*SUPPLIED DATA*
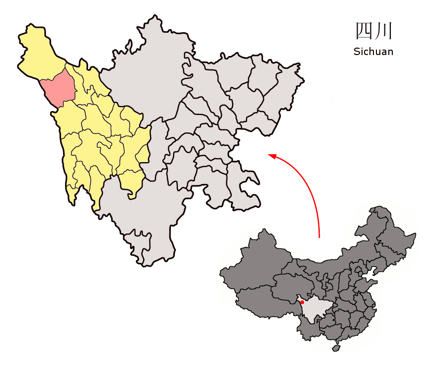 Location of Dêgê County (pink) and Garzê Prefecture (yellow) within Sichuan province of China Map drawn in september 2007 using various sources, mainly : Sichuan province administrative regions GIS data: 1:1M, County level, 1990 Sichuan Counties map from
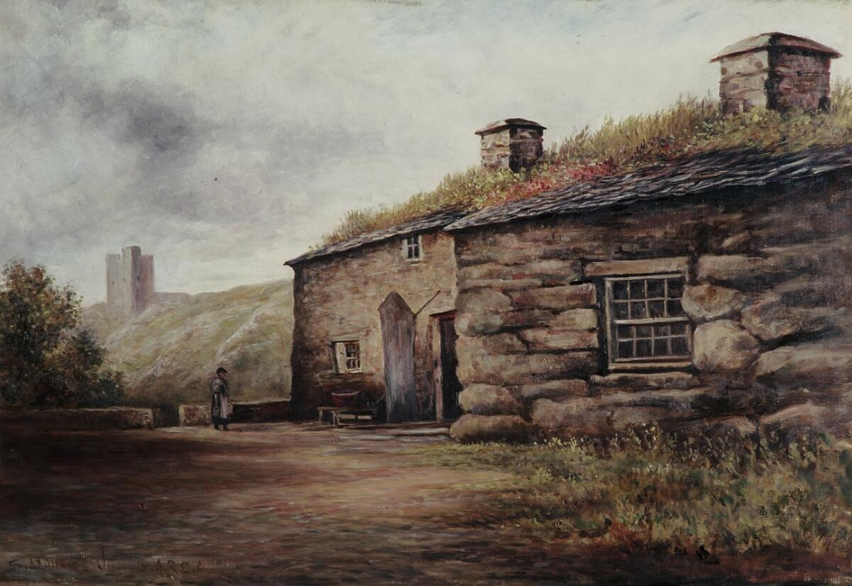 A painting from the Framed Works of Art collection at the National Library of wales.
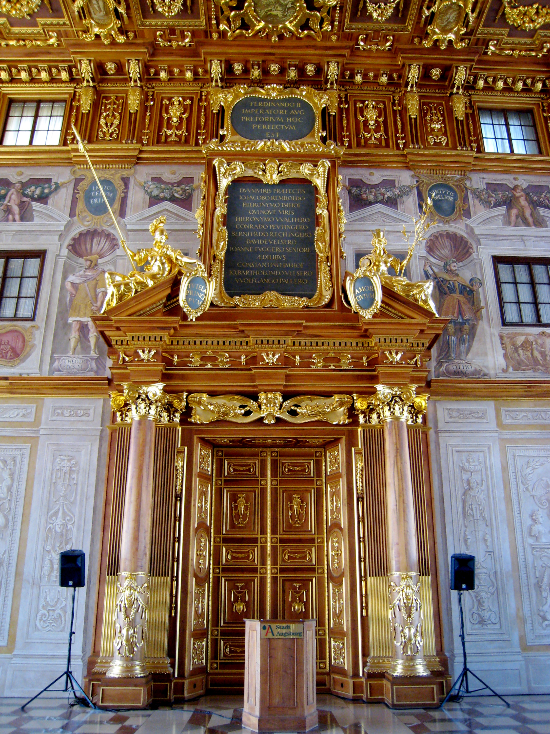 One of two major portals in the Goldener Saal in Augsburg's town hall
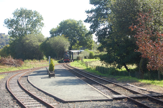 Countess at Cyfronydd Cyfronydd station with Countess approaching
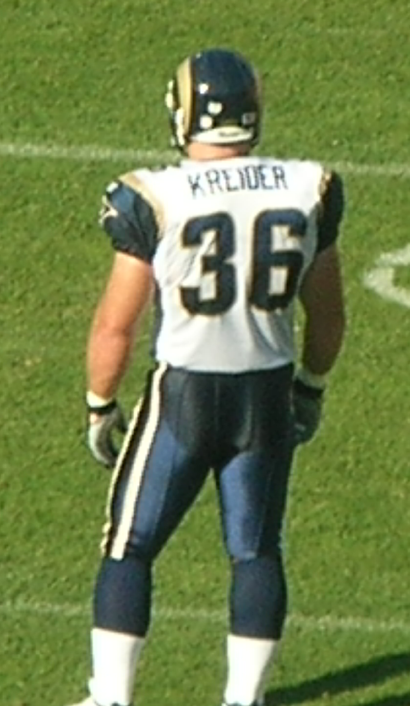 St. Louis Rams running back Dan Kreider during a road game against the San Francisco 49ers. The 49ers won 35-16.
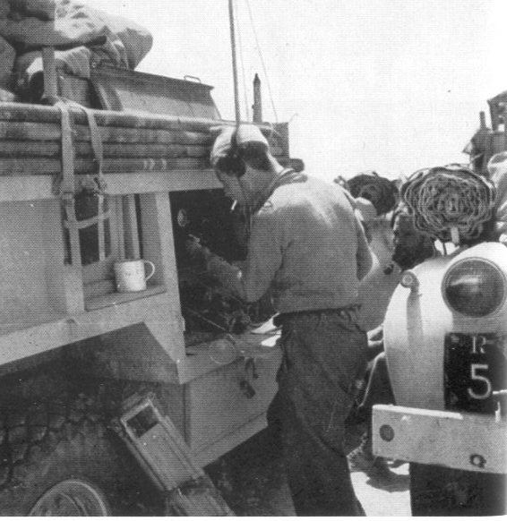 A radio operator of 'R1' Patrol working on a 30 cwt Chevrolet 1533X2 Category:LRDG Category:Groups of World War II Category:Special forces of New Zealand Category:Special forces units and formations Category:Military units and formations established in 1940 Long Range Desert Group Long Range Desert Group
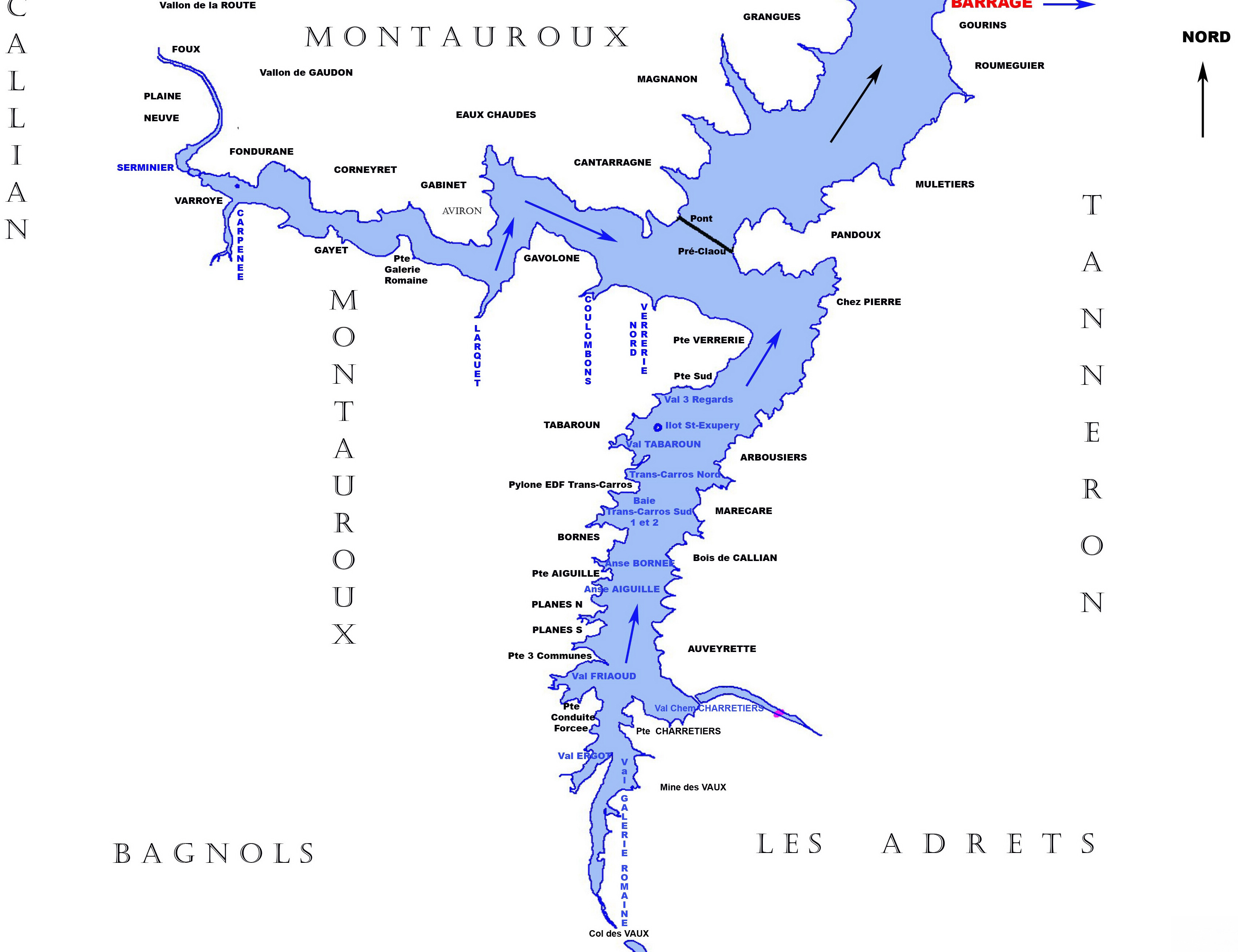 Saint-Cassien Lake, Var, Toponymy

*WORK TO COMPLETE*
Except for the pictures, give the data again word for word.

*THE ANSWER*
 Location of Dêgê County (pink) and Garzê Prefecture (yellow) within Sichuan province of China Map drawn in september 2007 using various sources, mainly : Sichuan province administrative regions GIS data: 1:1M, County level, 1990 Sichuan Counties map from
 A painting from the Framed Works of Art collection at the National Library of wales.
 One of two major portals in the Goldener Saal in Augsburg's town hall
 Countess at Cyfronydd Cyfronydd station with Countess approaching
 St. Louis Rams running back Dan Kreider during a road game against the San Francisco 49ers. The 49ers won 35-16.
 A radio operator of 'R1' Patrol working on a 30 cwt Chevrolet 1533X2 Category:LRDG Category:Groups of World War II Category:Special forces of New Zealand Category:Special forces units and formations Category:Military units and formations established in 1940 Long Range Desert Group Long Range Desert Group
 Saint-Cassien Lake, Var, Toponymy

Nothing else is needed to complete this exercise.